◆ **Provided data**:
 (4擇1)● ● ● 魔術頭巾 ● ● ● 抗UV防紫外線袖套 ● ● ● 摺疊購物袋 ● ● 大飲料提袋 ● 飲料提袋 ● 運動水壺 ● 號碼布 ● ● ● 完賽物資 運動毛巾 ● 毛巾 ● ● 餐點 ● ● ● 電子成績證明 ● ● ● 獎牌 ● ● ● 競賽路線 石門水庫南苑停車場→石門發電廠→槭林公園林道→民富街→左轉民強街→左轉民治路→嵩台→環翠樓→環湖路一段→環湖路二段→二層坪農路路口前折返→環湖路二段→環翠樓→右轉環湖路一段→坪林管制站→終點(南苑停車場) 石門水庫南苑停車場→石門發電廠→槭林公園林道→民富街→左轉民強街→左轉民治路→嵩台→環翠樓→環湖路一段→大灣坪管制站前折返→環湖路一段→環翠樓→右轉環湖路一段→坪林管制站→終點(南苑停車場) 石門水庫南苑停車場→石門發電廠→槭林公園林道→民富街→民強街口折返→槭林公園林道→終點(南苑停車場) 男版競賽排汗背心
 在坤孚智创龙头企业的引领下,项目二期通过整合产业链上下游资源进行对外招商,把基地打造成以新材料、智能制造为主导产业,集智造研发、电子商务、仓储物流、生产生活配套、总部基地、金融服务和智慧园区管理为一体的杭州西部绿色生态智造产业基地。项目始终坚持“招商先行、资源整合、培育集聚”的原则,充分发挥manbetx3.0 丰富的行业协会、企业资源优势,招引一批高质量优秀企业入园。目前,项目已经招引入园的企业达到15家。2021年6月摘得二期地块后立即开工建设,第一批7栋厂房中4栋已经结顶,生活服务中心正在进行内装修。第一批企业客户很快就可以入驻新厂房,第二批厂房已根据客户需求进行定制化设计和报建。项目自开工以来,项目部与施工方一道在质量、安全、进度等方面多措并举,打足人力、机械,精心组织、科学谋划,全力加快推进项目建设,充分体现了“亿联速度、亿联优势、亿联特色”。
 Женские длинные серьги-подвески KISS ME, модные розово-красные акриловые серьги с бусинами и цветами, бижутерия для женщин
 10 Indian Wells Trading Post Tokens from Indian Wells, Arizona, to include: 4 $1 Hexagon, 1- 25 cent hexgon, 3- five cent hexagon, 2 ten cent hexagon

--

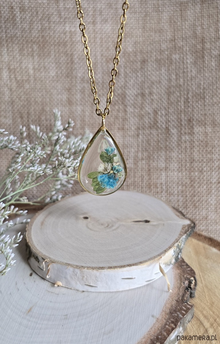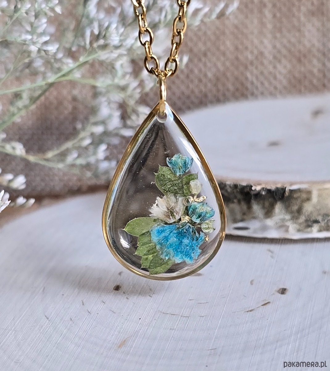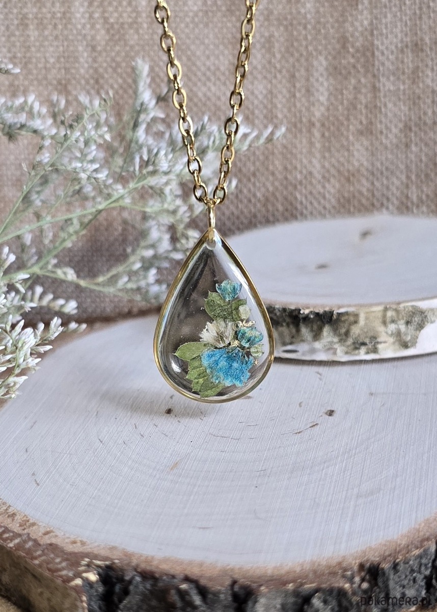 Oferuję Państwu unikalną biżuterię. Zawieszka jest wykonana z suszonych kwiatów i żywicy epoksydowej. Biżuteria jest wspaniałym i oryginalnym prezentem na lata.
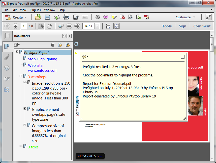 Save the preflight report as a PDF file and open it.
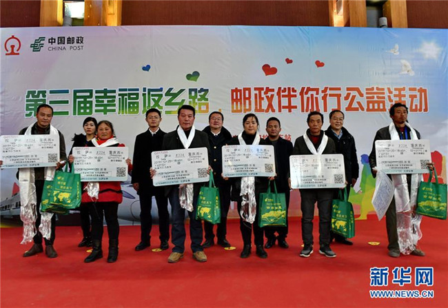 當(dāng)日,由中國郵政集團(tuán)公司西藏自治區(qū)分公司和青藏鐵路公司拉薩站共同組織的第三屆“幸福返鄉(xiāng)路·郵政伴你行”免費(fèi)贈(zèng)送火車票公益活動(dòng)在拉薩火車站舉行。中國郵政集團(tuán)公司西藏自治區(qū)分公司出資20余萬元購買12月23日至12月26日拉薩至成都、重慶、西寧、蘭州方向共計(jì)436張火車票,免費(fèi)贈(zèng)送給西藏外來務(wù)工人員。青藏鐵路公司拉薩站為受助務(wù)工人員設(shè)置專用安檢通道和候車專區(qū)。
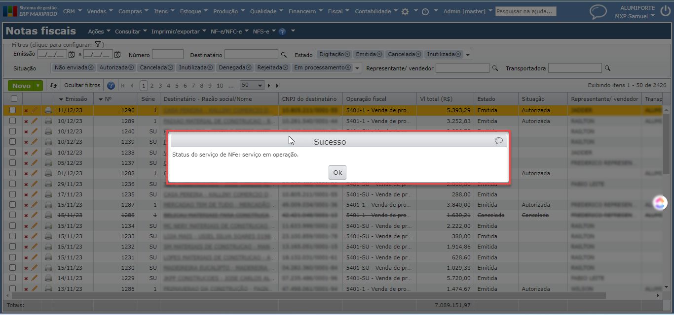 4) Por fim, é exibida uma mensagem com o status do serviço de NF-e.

◆ **What needs to be done**:
Only one stretch of the entries above is wanted: the lines from the one containing "(4擇1)● ● ● 魔術頭巾" through the one containing "在坤孚智创龙头企业的引领下,项目二期通过". Please reproduce it exactly.

◆ **Task solution**:
 (4擇1)● ● ● 魔術頭巾 ● ● ● 抗UV防紫外線袖套 ● ● ● 摺疊購物袋 ● ● 大飲料提袋 ● 飲料提袋 ● 運動水壺 ● 號碼布 ● ● ● 完賽物資 運動毛巾 ● 毛巾 ● ● 餐點 ● ● ● 電子成績證明 ● ● ● 獎牌 ● ● ● 競賽路線 石門水庫南苑停車場→石門發電廠→槭林公園林道→民富街→左轉民強街→左轉民治路→嵩台→環翠樓→環湖路一段→環湖路二段→二層坪農路路口前折返→環湖路二段→環翠樓→右轉環湖路一段→坪林管制站→終點(南苑停車場) 石門水庫南苑停車場→石門發電廠→槭林公園林道→民富街→左轉民強街→左轉民治路→嵩台→環翠樓→環湖路一段→大灣坪管制站前折返→環湖路一段→環翠樓→右轉環湖路一段→坪林管制站→終點(南苑停車場) 石門水庫南苑停車場→石門發電廠→槭林公園林道→民富街→民強街口折返→槭林公園林道→終點(南苑停車場) 男版競賽排汗背心
 在坤孚智创龙头企业的引领下,项目二期通过整合产业链上下游资源进行对外招商,把基地打造成以新材料、智能制造为主导产业,集智造研发、电子商务、仓储物流、生产生活配套、总部基地、金融服务和智慧园区管理为一体的杭州西部绿色生态智造产业基地。项目始终坚持“招商先行、资源整合、培育集聚”的原则,充分发挥manbetx3.0 丰富的行业协会、企业资源优势,招引一批高质量优秀企业入园。目前,项目已经招引入园的企业达到15家。2021年6月摘得二期地块后立即开工建设,第一批7栋厂房中4栋已经结顶,生活服务中心正在进行内装修。第一批企业客户很快就可以入驻新厂房,第二批厂房已根据客户需求进行定制化设计和报建。项目自开工以来,项目部与施工方一道在质量、安全、进度等方面多措并举,打足人力、机械,精心组织、科学谋划,全力加快推进项目建设,充分体现了“亿联速度、亿联优势、亿联特色”。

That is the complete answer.